Indonesia eyes reducing poverty rate to 7.5 percent in 2023

The Indonesian Government targets to reduce the poverty rate to 7.5 percent, from 8.5 percent in 2023 by increasing productivity for an inclusive and sustainable economic transformation.

“The policy to accelerate the reduction of extreme poverty cannot be implemented in a business as usual manner,” Minister of National Development Planning/Head of Bappenas Suharso Monoarfa stated at the 2022 Development Planning Conference in Jakarta onThursday.

He later explained that the poverty rate did decrease during the 2015-2019 period but increased in 2020 due to the impact of COVID-19.

The increase in the poverty rate had decreased in 2021 and the efforts must continue to be accelerated through policy directions that align with the sustainable development goals (SDGs) agenda, he noted.

Moreover, one of Indonesia’s SDGs targets is to end extreme poverty by 2030, so President Joko Widodo has given directions to achieve it by the end of 2024.

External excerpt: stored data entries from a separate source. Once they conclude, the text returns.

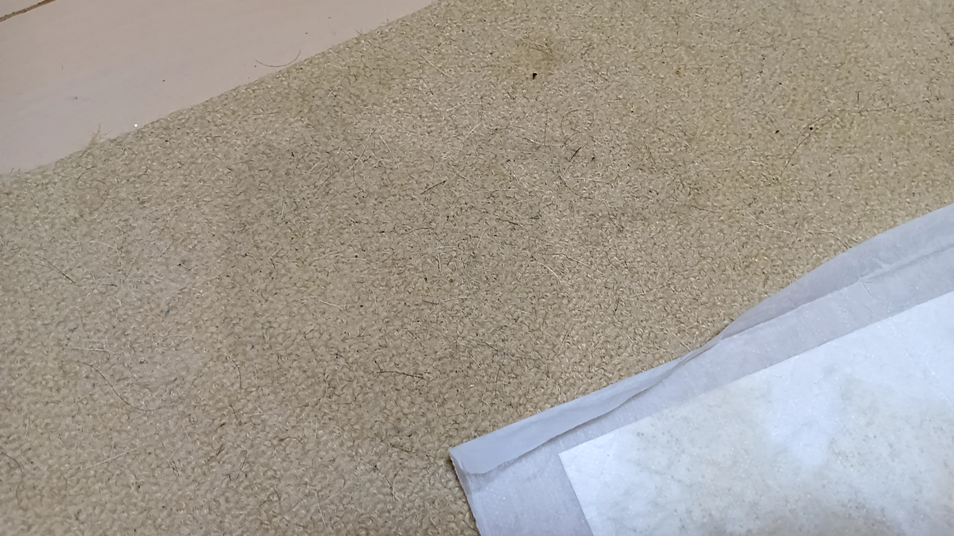 絨毯には、排泄してから数分のおしっこの跡(トイレに間に合わないことがあるのでサークル入口にもシーツを敷いているが、シーツにも点々とおしっこの跡)。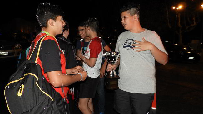 La espuma artificial para recibir a los campeones de hándbol Sub 14 escolar, elenco de Alta Mira.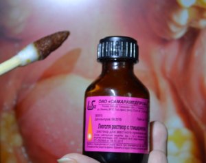 Люголь предназначен для местного применения – им обрабатывают только слизистые гортани и глотки один или два раза в день. Для этого можно воспользоваться ватной палочкой. Окуните ее на несколько секунд в раствор, чтобы вата пропиталась им. После смажьте больную часть горла.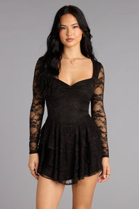 Romance with a little edge—this lace skater dress is pure drama in the best way. Sheer long sleeves and a flirty A-line fit keep it chic and playful, ready for any RSVP.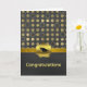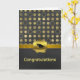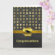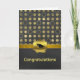 Stylish graduation greeting card, done in a trendy chalkboard grey and gold circle pattern, with a solid chalkboard grey, across the bottom of the card. Graphics of a gold tone ribbon, runs across the two backgrounds and is decorated with a gold wax looking seal, with a black graduate's cap. Golden graphic text reads Congratulations, on the front bottom of the card. Black text greeting, on the inside, is ready to personalise to read what you want.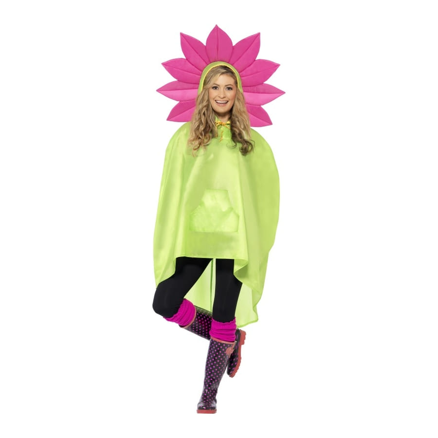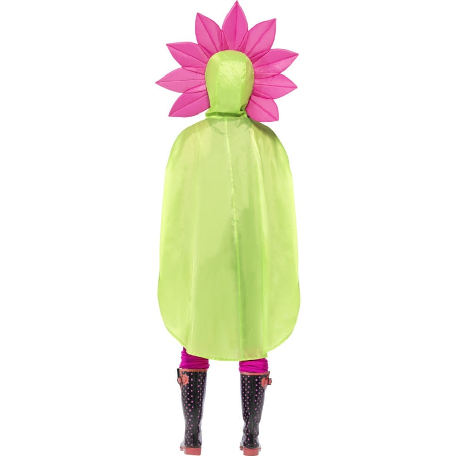 Il est original ce poncho en forme de fleur que vous pourriez porter sous la pluie. En effet, il est imperméable et possède également une capuche. Sa capuche est ornée de pétales de fleurs de couleur rose et le reste du poncho est vert. Il est également muni d'une pochette avec cordon. Mesdames et Messieurs, faites savoir à tout le monde que vous êtes en osmose avec la nature en osant porter ce poncho dans la rue! La taille disponible est une taille unique et standard.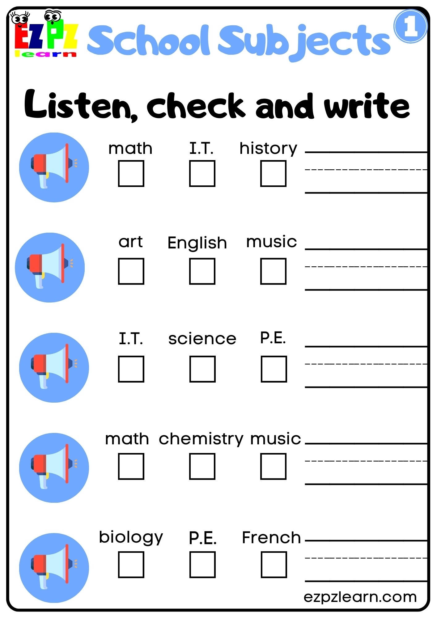 School Subjects Interactive Worksheet Listen Check And Write The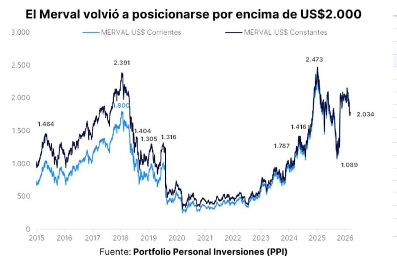 El S&P Merval (CCL) se ubica un 17% debajo de sus máximos históricos y 10% debajo de los picos de fin de 2025.

Based on the National Socio-Economic Survey (Susenas) in 2020, from 51.9 percent of the extreme poor population, 73.5 percent worked in the informal sector and 26.5 percent in the formal sector.

The data shows the need for integration of the extreme poor into all social security programs while increasing their capacity or productivity.

Meanwhile, Monoarfa remarked that efforts to achieve extreme poverty alleviation will be conducted in four stages.

First, the mainstreaming of extreme poverty targets will become all parties’ intervention, including non-governmental organizations (NGOs) and the business world through the SDGs regional action plans.

Second, improving coordination to target the central and local social protection programs.

Third, assisting and facilitating access to capital and markets and increasing the productivity of the extreme poor.

The last one is the integration of social protection and empowerment programs to increase the self-reliance of the extreme poor.

Extreme poverty alleviation through cross-sectoral integration could be demonstrated in the advocacy of regional leaders in applying SDGs principles in the regional development plans.

SDGs principles can be implemented in the regional development plans through the integration of the national program for special economic zones (SEZ), national fish barns, and commodity-based agricultural centers.

Advocacy for regional leaders is also targeted to integrate SDGs implementation strategies through urban planning, marine, fisheries, and tourism management.